(Not) parsing wikitext
I have a confession: I don't know how to parse WikiText. Oh, I know how to process it (using regular expressions and ad-hoc code), but I don't know how to write a formal parser for it, something based on parsing theory in order to have all of the advantages of real parsers. Parsers matter because they're much easier to write, to maintain, and to reason about than ad-hoc code; ad-hoc processing code is ultimately just a big pile of mud. Complex, fragile mud.
I've been thinking about this for some time, and I've more or less concluded that there are three aspects of wikitext that make it hard to handle with traditional parsing techniques and tools. The first issue is that wikitext is a mixture of stream-oriented and line-oriented content. All of the parsing techniques that I learned in my now long-ago compilers course were built around stream oriented parsing, where you simply have a running stream of tokens and the most line oriented stuff you have is that end of line is a delimiter. This is fine for parsing running text, but pretty much all wikitexts also have an entire second layer of line to line markup to signal things like headings, lists, quoted (or indented) text, preformatted text, and so on. You need to parse this second layer as well as the running text, and you generally can't parse each line's running text independently because markup constructs in running text can span physical lines.
(Even Python is parsed with a straightforward stream oriented parser under the hood; I wrote about it here and here. Unfortunately the technique that Python uses can't be extended to parsing wikitext.)

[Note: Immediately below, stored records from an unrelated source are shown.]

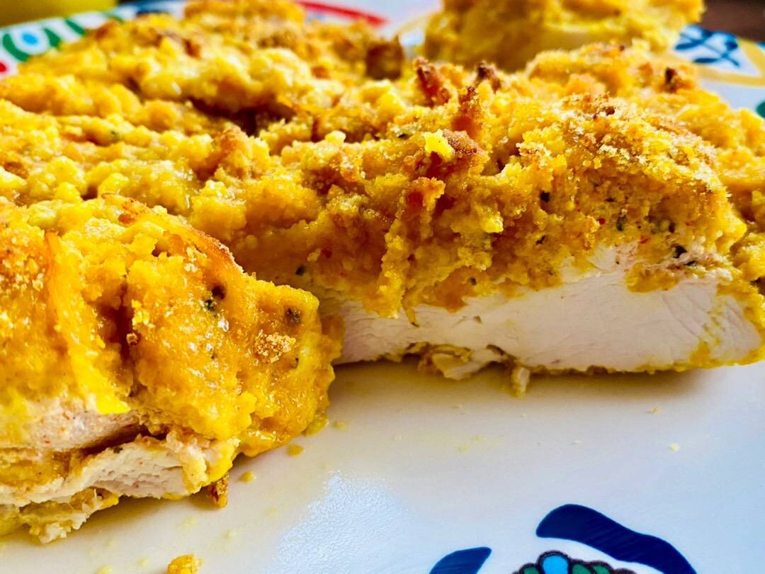 Сочная и по праздничному яркая, куриная грудка, получается в сырной панировке. Украсит любой праздник. Можно использовать любые, любимые специи. #рождество #новыйгод Ингредиенты: целая куриная грудка (4 половинки), сметана (или кефир, или йогурт), сухой чеснок, паприка копченая, чёрный молотый перец, соль, панировочный сухари, сыр натёртый на мелкой тёрке, куркума, базилик сухой Способ приготовления: В каждой куриной грудке, из двух половинок, сделать острым ножом надрезы, прорезая не до конца. Немного посолить. В сметану добавить специи и немного соли. Хорошо перемешать и залить курицу. Так чтобы заливка попала во все прорези. Дать полежать минимум полчаса, но лучше дольше. Можно и на ночь оставить. Приготовить панировку. В панировочные сухари добавить куркуму, сухой базилик, сухой чеснок и сыр. Каждую куриную грудку обсыпать панировкой очень качественно, проникая в разрезы, со всех сторон. Разогреть духовку до 180 градусов. Выложить грудки в форму для запекания. Запекать полчаса. Но
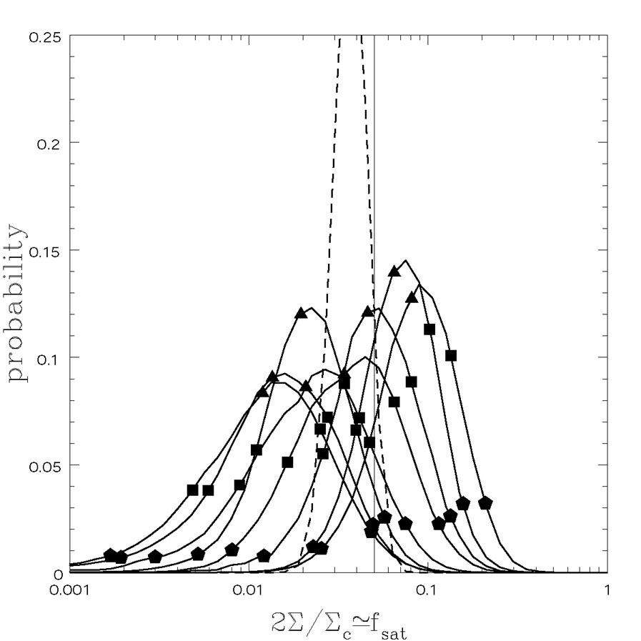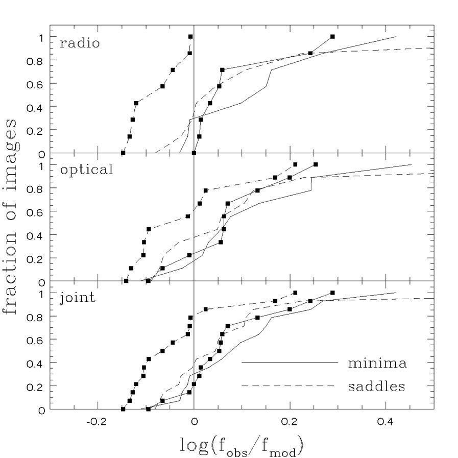 While substructure with approximately the surface density expected from CDM is consistent with the data, it is worth examining other possibilities. We would expect any effect from the ISM to be strongly frequency dependent (whether in the radio or in the optical). At least for radio lenses, Kochanek & Dalal ([2004]) found that the optical depth function needed to explain the radio flux anomalies would have to be gray, ruling out all the standard radio suspects. We would also expect propagation effects at radio frequencies to preferentially affect the faintest images because they have the smallest angular sizes - remember that more magnified images are always bigger even if you cannot resolve the change in size. The ISM also cannot discriminate between images based on parity - the ISM is a local property of the lens and the parity is not, so they cannot show a correlation. Hence, if radio propagation effects created the anomalies they should be the same for minima and saddle points and more important for the fainter than the brighter images. Fig. B.61 shows the cumulative distributions of flux residuals for radio, optical and combined four-image lens samples from Kochanek & Dalal ([2004]). The bright saddle point images clearly have a different distribution in each case, as we would expect for substructure but not for the ISM. The Kolmogorov-Smirnov test significance of the differences between the most magnified saddle points and the other three types of images (brightest minimum, faintest minimum, faintest saddle) is 0.04%, 5% and 0.3% for the radio, optical and joint samples respectively. The next most discrepant image is the brightest minimum, also as expected for substructure, but with less significance. Various statistical games (bootstrap resampling methods of estimating significance or testing for anomalies) always give the same results. Thus, the ISM is ruled out as an explanation.
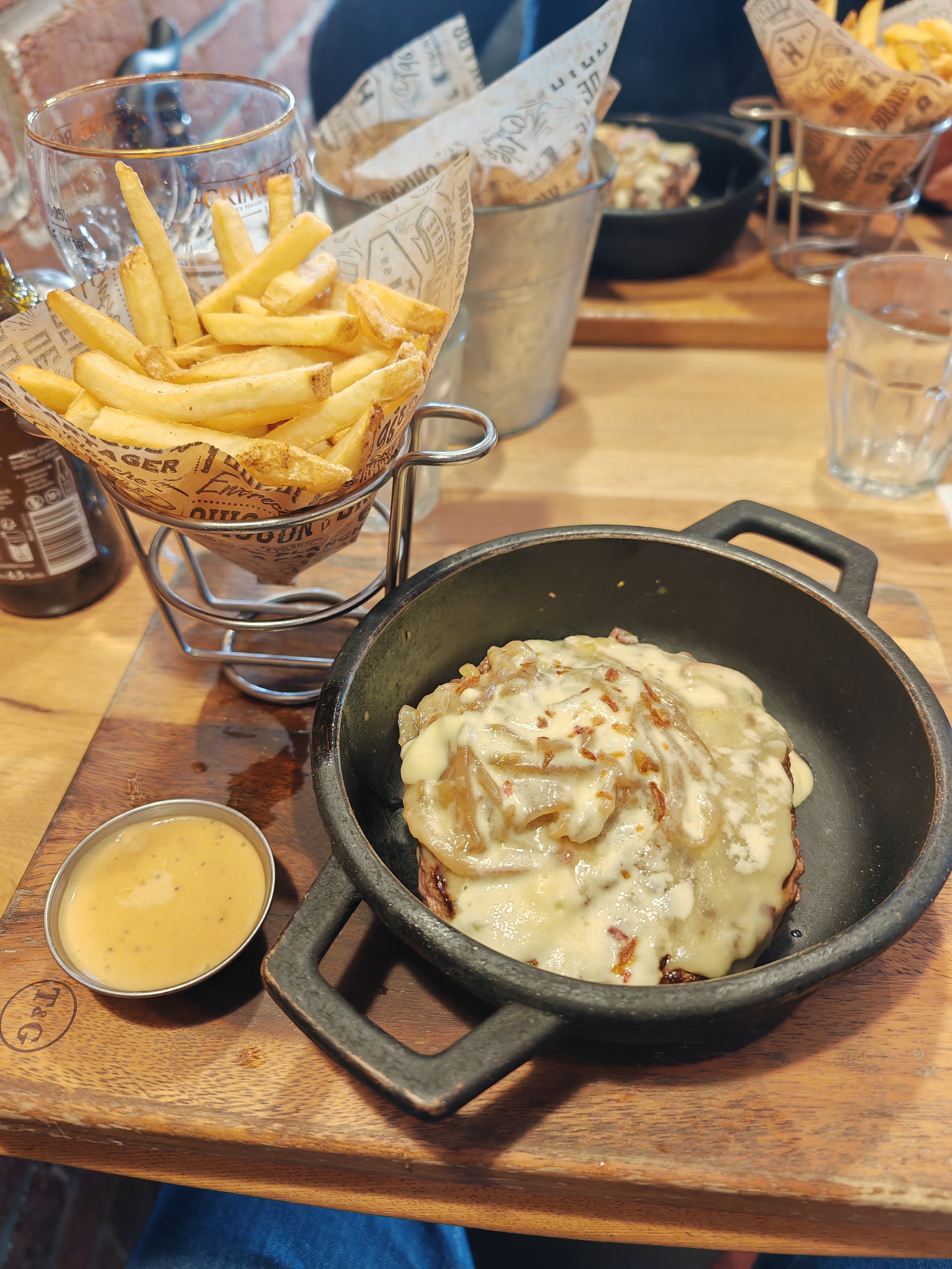 Pas top, le service est plutôt sympas l’ambiance un peu bruyante et musique à changer, j’ai souvent manger ici en 2016 mais là je suis retournée 8 ans après c’est de la rigolade, les chips ont un goût chimique, bas croustillant mais très peu pâteux, j’ai commander viande non saignante, c’était au final saignant j’ai demander 2 fois pour recuire la viande, mon mari a commander fish and chips, j’ai goûter et le poisson étais cru et a l’extérieur la panure ainsi, frites surgelée pas étonnant, le prix m’a coûter 118 euros, un conseil la prochaine fois regarder en cuisine j’aurai bien aimer voir si le chef était t’il pris en tant que stagiaire ?
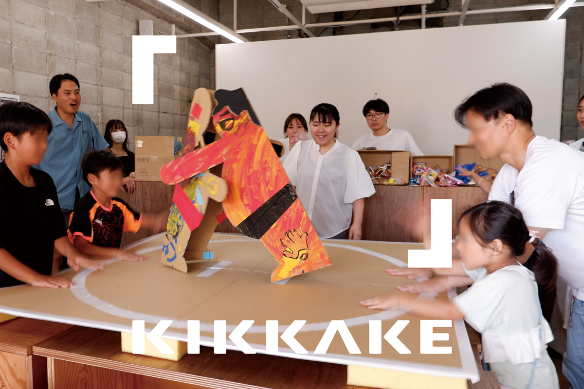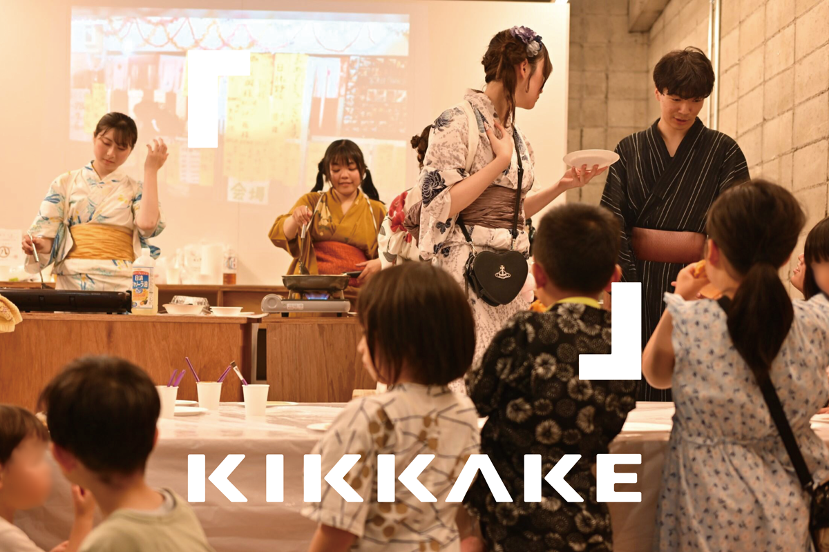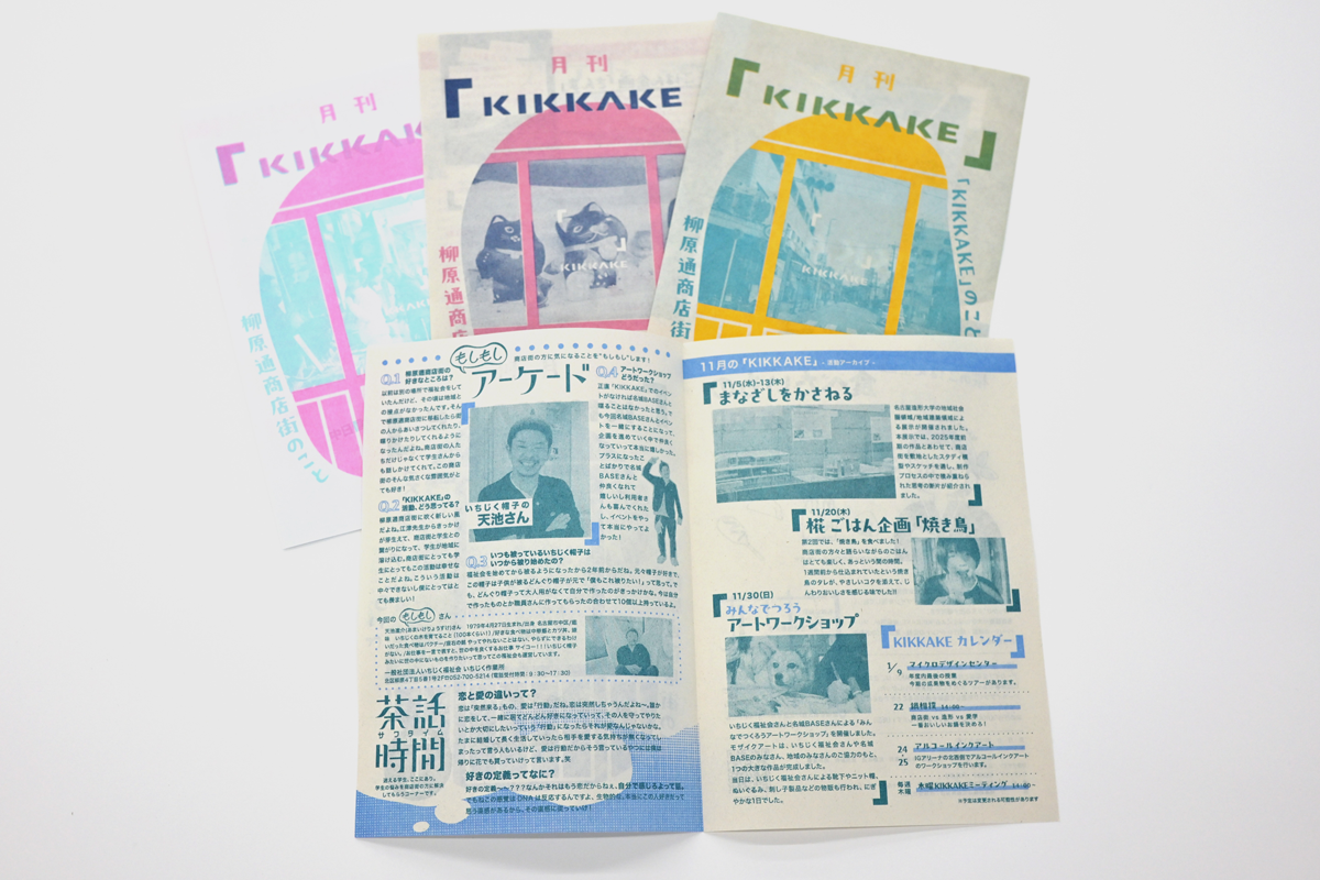次の段階として、商店街と共に拠点の名称およびシンボルマークを検討しました。「KIKKAKE」と命名し、この本拠地を基盤にサテライト授業やワークショップの実施、地域住民と共同したイベントの企画運営などを行い、商店街を舞台とした実践的な地域連携活動を展開しました。また、活動内容を地域に共有するためのフリーペーパーの制作・発行にも現在進行形で取り組んでいます。

I'm sure that there are parsing techniques for dealing with line oriented languages (my impression is that a number of early pre-Algol languages were significantly line oriented), but I didn't learn any such techniques and I think they're now out of favour because everyone sensibly shifted to stream oriented language designs decades ago.
The second big issue is that unlike a traditional language, wikitext
doesn't have any errors. In a traditional parser, a parse production
either succeeds or results in an error. In wikitext, there are no errors
and something like an incomplete external link is simply raw text;
[[some text' is not an error, it is '[[some text'. The presence
of errors allows parsers to avoid huge amounts of backtracking (or
equivalently, a huge amount of lookahead). The dominant forms of
parsing today have very little lookahead because people found that
that was both possible and efficient for computer languages (and then
people carefully fiddled with languages so that they didn't need
lookahead). More advanced things like parsing expression grammars can tolerate
more lookahead, but my impression is that even a PEG based grammar
struggles with wikitext's potential massive backtracking.
The third issue is that the proper meaning of a lot of wikitext is highly context dependent. For example, consider whitespace at the start of a line. In DWikiText, the standard meaning of this is preformatted text, but if we're in a list context it instead means a continued list entry. Similar issues can bedevil parsing various font change characters in running text, especially if you want to insist on proper nesting. I think that some of this can be handled naturally by things like parsing expression grammars, but I'm not sure that all of it can be.
(I read a paper from sweble.org that admitted they didn't handle determining what was and wasn't a font change in the parser but instead deferred all of that to a post-processing pass over the resulting AST. Maybe it's still possible to do this in clear, systematic code instead of gradually devolving back to ad-hoc processing.)